These transactions are almost always on a prospective basis. A typical structure has the seller retaining all of the AR (Accounts Receivable), WIP (unbilled time) and Liabilities as of a specified cut-off date. If needed, the buyer can purchase any hard assets for a negotiated price. Occasionally, these transactions include intellectual property, which can impact the calculation of future revenue sharing. For example, a personal injury lawyer may have a publicly recognizable firm name associated with a marketing approach that generates new cases.
Intellectual property related to a process or service delivery is harder to value. For example, custom debt collection software used in a collections practice. The value of this type of asset would depend on any competitive advantage gained over what is readily available on the market.
Due diligence is easier in a prospective revenue only deal and focused mainly on supporting any assumptions of future sources of income. In our experience, the payment period runs two or three years and can range from 15-25% of gross collected revenue, depending upon the profitability of the work.

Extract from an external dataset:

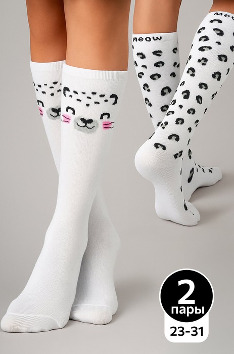 Гольфы с рисунком Леопард для девочки — нежный акцент для стильного гардероба. В комплекте 2 пары белого цвета — универсальное сочетание для повседневных и нарядных образов.
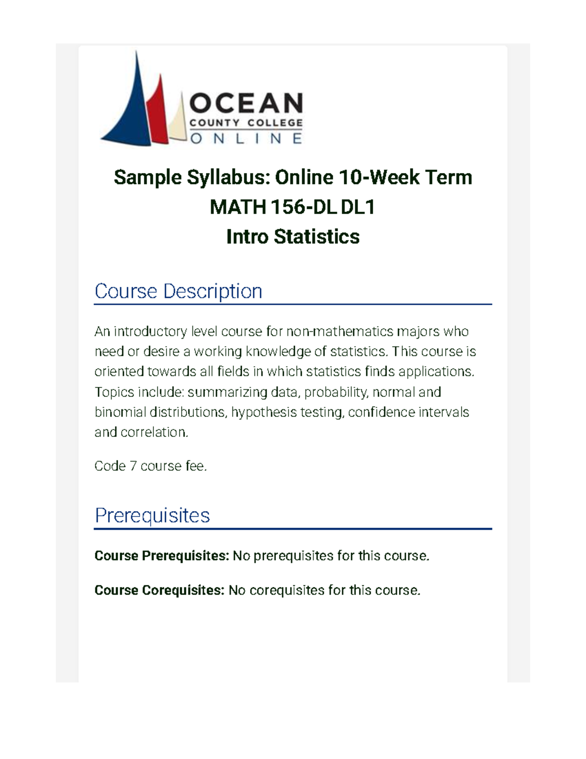 MATH 156-DL: Intro Statistics Syllabus - Studocu

A riskier deal might include a payment based on an agreed upon baseline revenue amount paid over a period of years. For example, a multiple of agreed upon recurring revenue or profit at sale date paid over a period of years. I’m less comfortable with this structure, but I have seen one or two in the past.
As for due diligence, I would request the following:
- Three years historical revenues (billed and collected basis) by client and a distribution of timekeeper hours by client;
- Three-year salary history for any retained employee post acquisition;
- Compensation history of any partners in the transaction;
- Copies of any relevant employment or compensation agreements;
- Copies of any lease agreements the buyer is assuming – office equipment and space;
- Lien or secured financing search for any purchased asset ( the firm’s bank may have a pledge of all firm assets);
- A listing and description of any intellectual property claimed by the seller;
- Proof of tail coverage for any acts before acquisition;
- A list of any one time or recurring charges that the seller expects the buyer to assume;
- Any fee sharing agreements with Co or Referral counsel;
- Engagement letters for any assumed clients;
- A listing and disposition of all trust balances attached to cases moving to the acquiring firm;
- A listing of all outstanding WIP (fees and costs), AR (fees and costs) for cases moving to the acquiring firm; and
- Three years income statements and balance sheets.
The structure of the transaction dictates the due diligence depth. For example, if it is a go forward agreement on new cases only, many items on the list are not necessary. If the transaction is a purchase of the firm’s assets and includes an assumption of liabilities, you are likely safer commissioning a CPA to do an audit.
If an insider buying the firm, a simple agreed upon procedure engagement with the neutral CPA may suffice.
As you know, each deal has its unique characteristics, and due diligence on the buy side can expand or contract based on the buyer’s perceived risk.